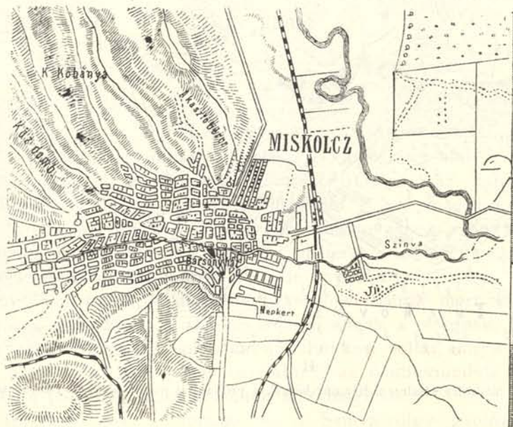
4. ábra. A-Szinva-völgy torkolata; a fekete telek a lelethely.

A mint az idecsatolt térkép-vázlat (4. ábra) tanusítja, a város a keletről nyugotra futó Szinva-völgy síkfelőli torkolatát foglalja el, a melyet dél felől a 234 m. magas Avas, észak felől a lankásabb és csak 194 m. magas Akasztóbércz őriz. E két hegy valóságos sarokhegy. Az Avas teteje erős földhullámot vető, terjedelmes »tető«, majdnem lapály. Erre a tetőre, a lelethely tája felől az úgynevezett Mélyvölgy vezet fel, egy szakadék, kevés házzal; de annál több pinczével. És úgy, a mint e szakadék a tető felé végződik, déli martján egy hát uralkodik, melynek népies határneve »Tüzköves,« még pedig állítólag azért, mert azon a helyen tüzkő fordul elő. De az, hogy
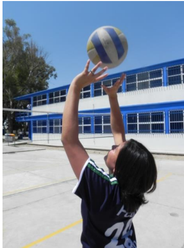
Figura 73. Posición de manos

1.- Descripción: Tomar el balón con la posición correcta (ver figura 50 y 51), realizar una flexo-extensión de brazos y lanzar el balón al aire, al caer se deberá tomar con la posición antes mencionada (Figura 73).
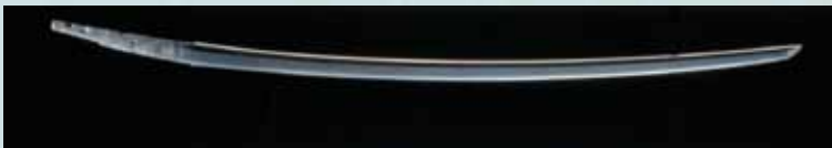
《重要文化財 太刀 菊御作 京都国立博物館》

この特集陳列では、後鳥羽上皇が御自ら手がけたとされる太刀「菊御作」、斬りつけた真似をするだけで相手の骨が砕けるという伝説を持つ「薙刀直シ刀(名物骨喰藤四郎)」(重文、豊国神社蔵)をはじめ、桶狭間の戦いで織田信長が戦利品として手に入れた「刀(名物義元左文字)」(重文、建勲神社蔵)、坂本龍馬所用の「刀 銘吉行」(京都国立博物館蔵)など、ドラマティックな歴史を持つ名刀の数々をご紹介します。作品に秘められた歴史とあわせて、奥深い刀剣の美の世界をお楽しみください。
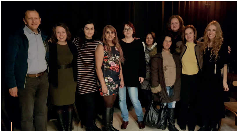
Cesta von na decembrovom stretnutí s darcami v Klube pod lampou
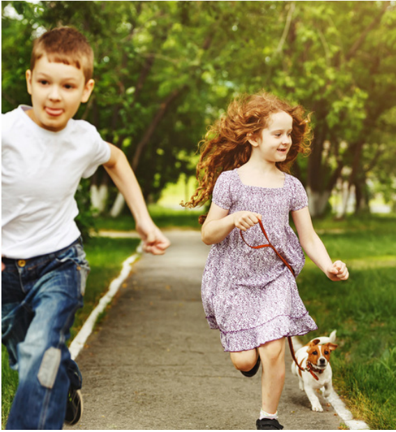
Motionera unghunden? Sunt förnuft bör gälla.
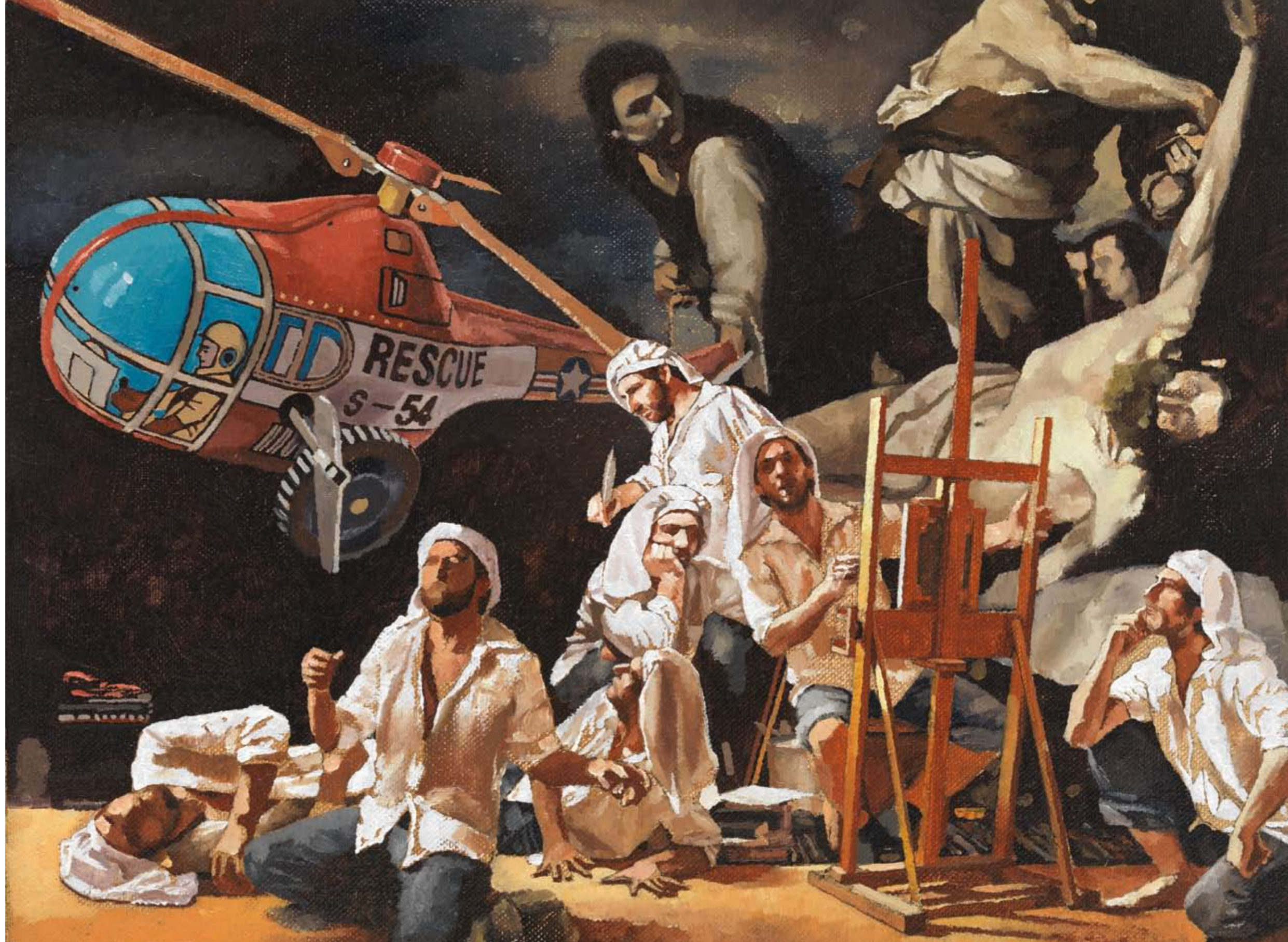
DIE NACHT III | 2008 | Öl auf Leinwand | 30 x 40 cm oil on canvas | 11.8 x 15.8 inches
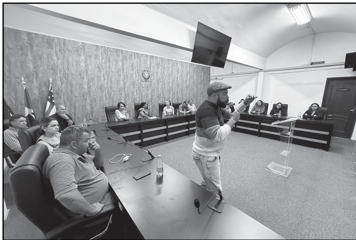
Projeto Corte do Bem foi apresentado durante solenidade na Câmara

ticiparam e contribuíram para este momento especial, reafirmando seu compromisso de continuar promovendo iniciativas que levem cuidado, dignidade e solidariedade à comunidade silvaniense.
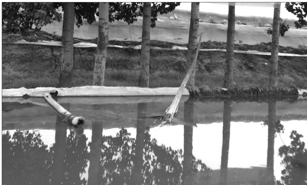
大棚被淹,村民往路上排水。

本报8月11日讯(记者 董惠)前一段时间,潍坊连续遭受高强度降雨袭击。近日,记者采访了解到,受降雨影响,寿光纪台镇地下水位猛涨,超九成蔬菜大棚被淹,有的大棚积水深达1米左右。无奈之下,村民只能往路上排水减轻损失。
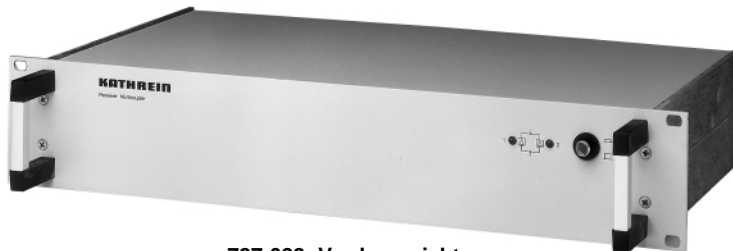
727 622 Vorderansicht

Die HF-Signale werden am Eingang des Trennverstärkers durch einen redundant aufgebauten, rauscharmen Verstärker verstärkt. So bleibt der Trennverstärker auch bei Ausfall eines der parallel geschalteten Verstärkermodule einsatzfähig, wobei die Verstärkung um ungefähr 6 dB verringert wird. Jedes Verstärkermodul hat eine eigene Spannungsversorgung. Diese sind so ausgelegt, dass sie den gleichzeitigen Betrieb sowohl mit Wechselspannung (230 V) als auch mit Gleichspannung (+11 bis +48 V DC) ermöglichen.
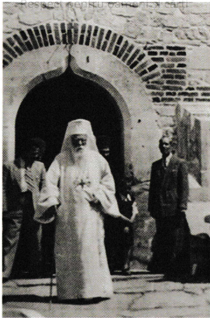
Patriarhul Nicodim la Mănăstirea Neamț

Dumnezeu în lumea văzută. Scurtă explicare a Sfintei Liturghii și pomenirea morților. Originale și prelucrări, Neamț, 1933; Cuvântări, pastorale și îndemnuri, Neamț, 1940.
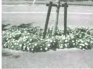
H21.9.9 まちづくり協議会花壇の様子
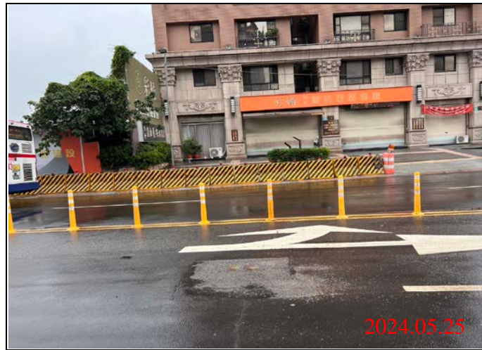
巡查日期地點：113.05.25/ Y22車站 照片說明：南側道路龜裂
◇ ◇ ◇ ◇
> [What you need to do]:
Above are records with pictures. Reproduce exactly only the lines from the line with "1.- Descripción: Tomar" through the line with "Cesta von na", both ends included, and leave the pictures out.

> [Final answer]:
1.- Descripción: Tomar el balón con la posición correcta (ver figura 50 y 51), realizar una flexo-extensión de brazos y lanzar el balón al aire, al caer se deberá tomar con la posición antes mencionada (Figura 73).
《重要文化財 太刀 菊御作 京都国立博物館》

この特集陳列では、後鳥羽上皇が御自ら手がけたとされる太刀「菊御作」、斬りつけた真似をするだけで相手の骨が砕けるという伝説を持つ「薙刀直シ刀(名物骨喰藤四郎)」(重文、豊国神社蔵)をはじめ、桶狭間の戦いで織田信長が戦利品として手に入れた「刀(名物義元左文字)」(重文、建勲神社蔵)、坂本龍馬所用の「刀 銘吉行」(京都国立博物館蔵)など、ドラマティックな歴史を持つ名刀の数々をご紹介します。作品に秘められた歴史とあわせて、奥深い刀剣の美の世界をお楽しみください。
Cesta von na decembrovom stretnutí s darcami v Klube pod lampou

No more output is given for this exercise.